As one LJK Setright observed, “wood is an excellent material for making trees, but otherwise should not be trusted”.
Around here the emerald ash borer beetle has dessimated the ash tree population and (I presume) the Morgan population.
Derek, I see the obvious car slant here, yet this seems to me to trivialize what the loss of these great trees means to an entire country.
Jeff,
With all due respect, this the Truth About Cars not the Truth About Trees. I know nothing about trees, ecology, England’s tree population etc.

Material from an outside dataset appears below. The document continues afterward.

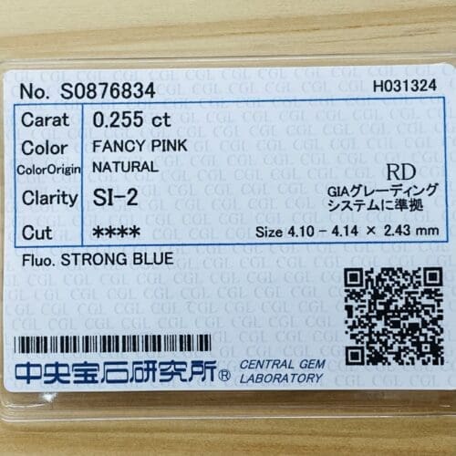 GIAガードルNo.2484960571ピンクとパープルが混ざり合った絶妙なカラー!彩度も強くとても鮮やかで、上品な可愛らしさを持っています。ラウンドならではのキラキラ感も素晴らしいです。見ていて胸が高鳴るような、心引き付けられるピンクダイヤモンド!少しパープルが混ざることによってピンクの印象がより鮮やかに感じます。ストレートピンクよりこれが好きっておっしゃる方が非常に多いのには納得がいきます。実際見て頂くと可愛さが違って見えます!見ていてドキドキしてしまうダイヤモンドです!これっと思ったら是非、お早めにお問い合わせください!!人気の高いラウンドブリリアントカットです。SIクラスでテーブルに小さなカーボンインクルージョンがありますが肉眼では全く目立ちません。テリのよいピンクダイヤモンドです。

Trees serve numerous purposes
We sometimes must move/remove trees in order to build roads where we might drive our automobiles
Trees can assist in braking when conventional methods fail
Wood, the material trees are made from, is also used in Morgans, the interiors of luxury cars, and as the inspiration for some plastic bits in cheaper cars
Unrelated edit: How/when did my avatar change from my cute Japanese hatchback to some random muscle car?

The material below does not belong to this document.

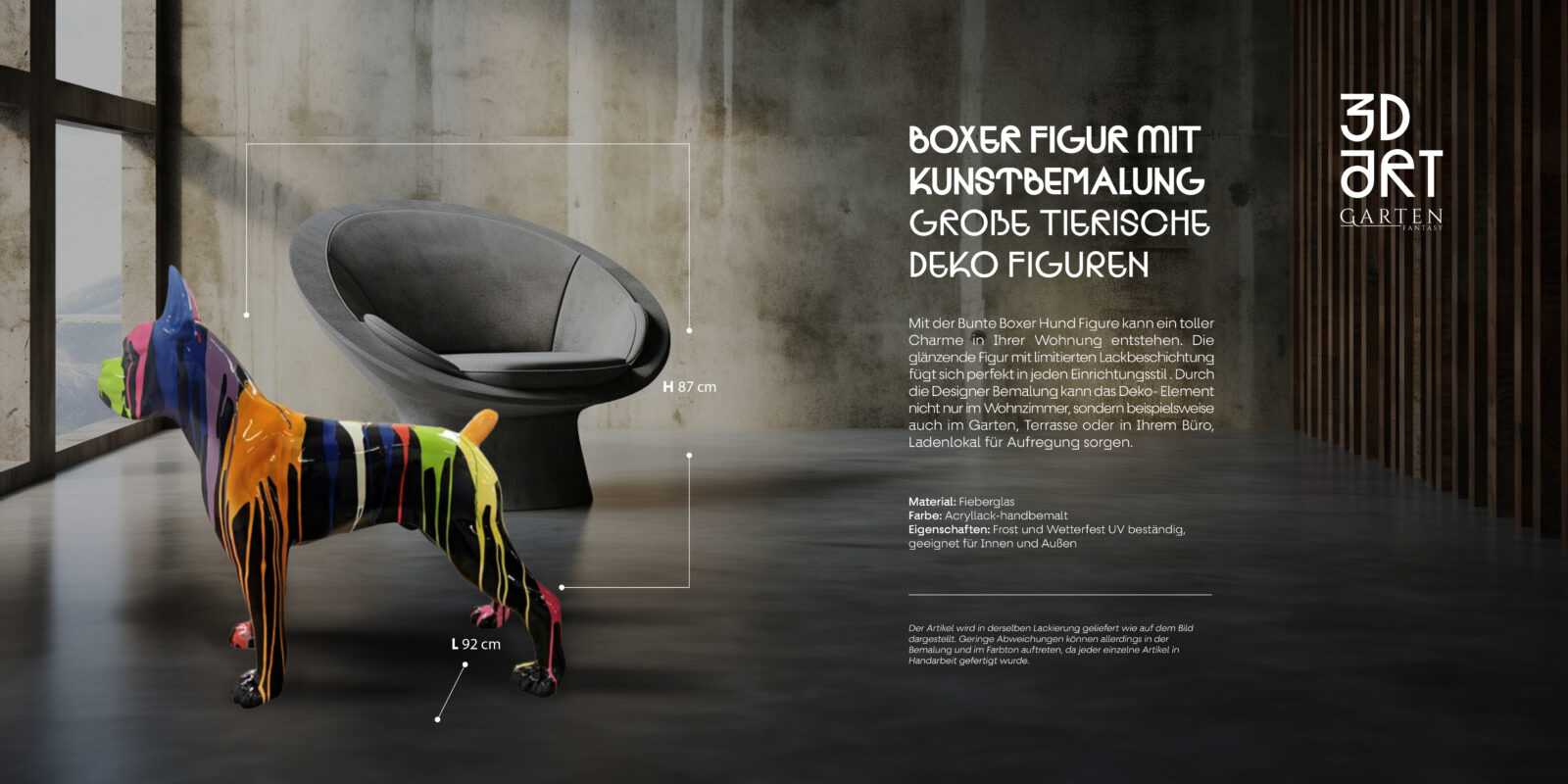 - Figury 3D w kontekście wnętrz – Każdej figurze towarzyszy wizualizacja przestrzeni, w której produkt może zostać wykorzystany. W ten sposób klient nie tylko widzi samą figurę, ale też otrzymuje gotową inspirację do własnej aranżacji. Każda przestrzeń jest starannie zaprojektowana tak, by podkreślać oryginalność, prestiż i wyjątkowość figury.

I patiently away an April Fool’s Day redesign for The Truth About Trees dot com.
Jeff, the UK should commence worrying more about the loss of its manufacturing base than about the loss of its ash trees.
Dear old:
I agree fully with you. It’s all a matter of proportion, and the current government in GB is proving that an austerity budget in a deep recession is doing no good for the workers there. As for trees, Derek is right that he’d best stay out of the aborist end of things; instead, he might’ve simply pointed out that the grave loss of ash trees in GB may require Morgan to turn to another wood, or something else again. Hardly a human tragedy or even an automobile one, I don’t think.
Morgan’s are treated so I doubt the beetles would attack and certainly not a fungus. On top of that there is a cottage industry for Morgan woodworkers. It would be a loss but other woods could fill the role like oak or maple perhaps. I’m not familiar enough to judge their rigidity/flexibility but hopefully the tree loss can be curtailed and Morgan can keep producing a unique sports car.

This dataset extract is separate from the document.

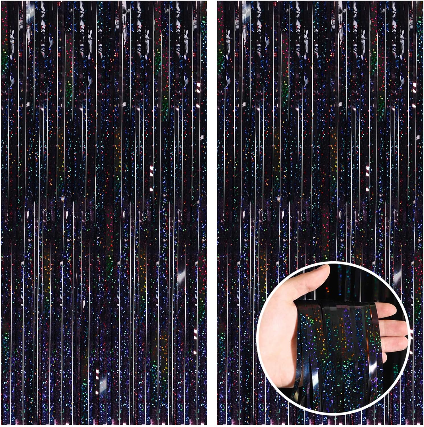 - 🎉PACKAGE INCLUDED : 2 pack of black foil fringe curtains, the size of each tinsel curtain is 3.3 ft x 8.2 ft, enough length for hanging on a door or covering a wall fully, suitable for any parties.

Maybe the folks at Morgan can start some seedlings and create their own forest. Or better yet get into the 20th century and find a comparable wood or dare I say steel or aluminum with the same properties.
Tell you what isn’t going die of disease. Steel or aluminium. I hate to poop on the traditionalists, but why the hell do Morgan still use wood for frames? Structurally compared to steel or even aluminium it is not very good. Why are wood frames so intrinsic to a Morgan? It’s not like it’s a highly visible part of the car.
Bar the flat-cap and rivet-counting beard-brigade, if Morgan stopped using wood for frames, who really would notice or care?
Every Morgan owner and most of us car blog reader types would notice. Wood is Morgan’s identity at this point. It’d be like Porsche making a 911 that didn’t have the engine behind the rear axle. It’s their identity at this point.
Hi Sinistermisterman….
Several random and no doubt unreliable thoughts:
1) Some versions of modern Corvettes use balsa-wood for the floor (!);
2) Ash is used in baseball bats because of its unique resilience and toughness;
3) Did Morgan ever hear of Zinssar’s “Woodlife Classic” -a potent fungicide? Well, they do now…
4) Decades ago, the US Army experimented with making 2.5-ton truck frames out of laminated ash sections: those trucks could go over staggered moguls without deformation, whereas metal-framed vehicles were torn apart with stress cracking. So the right wood can have some unique and favorable properties. (Truck idea discontinued because cost-of-manufacture was too high.)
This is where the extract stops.